[REQUIREMENT]
In this exercise, the entries below include pictures. Repeat exactly the lines from the line with "エサがなくなってしまったので" to the line with "El tenista Estadounidense", including both, but without the pictures.

[DATA EXCERPTS]
============

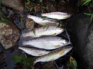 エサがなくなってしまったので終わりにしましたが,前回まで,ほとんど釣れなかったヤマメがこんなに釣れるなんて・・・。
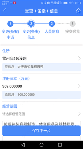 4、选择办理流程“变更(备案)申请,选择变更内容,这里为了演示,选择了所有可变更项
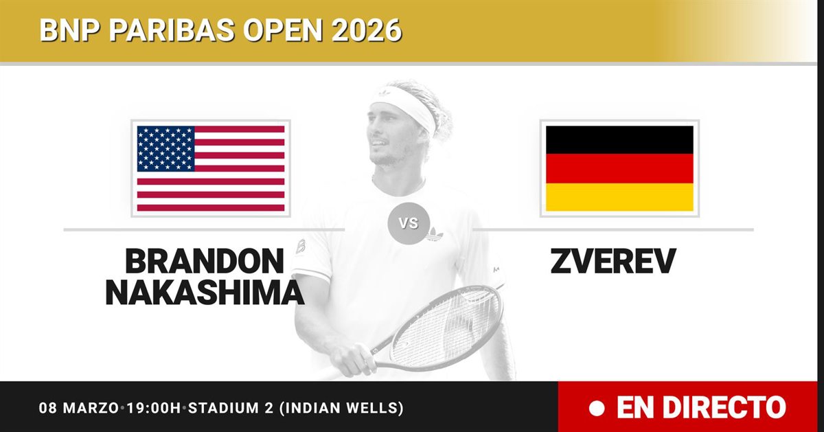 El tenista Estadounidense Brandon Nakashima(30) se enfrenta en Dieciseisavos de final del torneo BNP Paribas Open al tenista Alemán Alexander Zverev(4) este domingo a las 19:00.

============

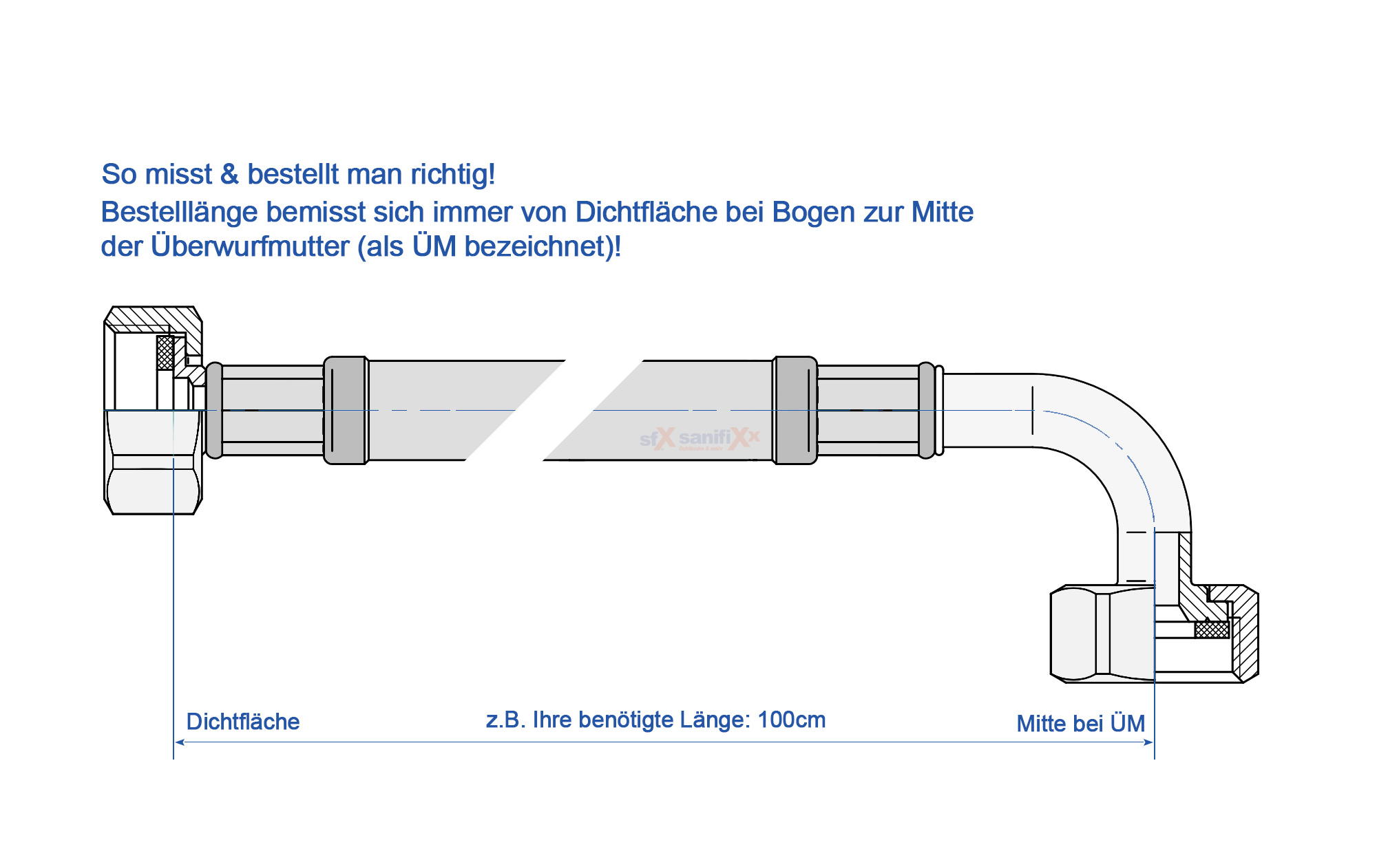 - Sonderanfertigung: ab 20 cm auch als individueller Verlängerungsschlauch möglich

============

[ANSWER AREA]
 エサがなくなってしまったので終わりにしましたが,前回まで,ほとんど釣れなかったヤマメがこんなに釣れるなんて・・・。
 4、选择办理流程“变更(备案)申请,选择变更内容,这里为了演示,选择了所有可变更项
 El tenista Estadounidense Brandon Nakashima(30) se enfrenta en Dieciseisavos de final del torneo BNP Paribas Open al tenista Alemán Alexander Zverev(4) este domingo a las 19:00.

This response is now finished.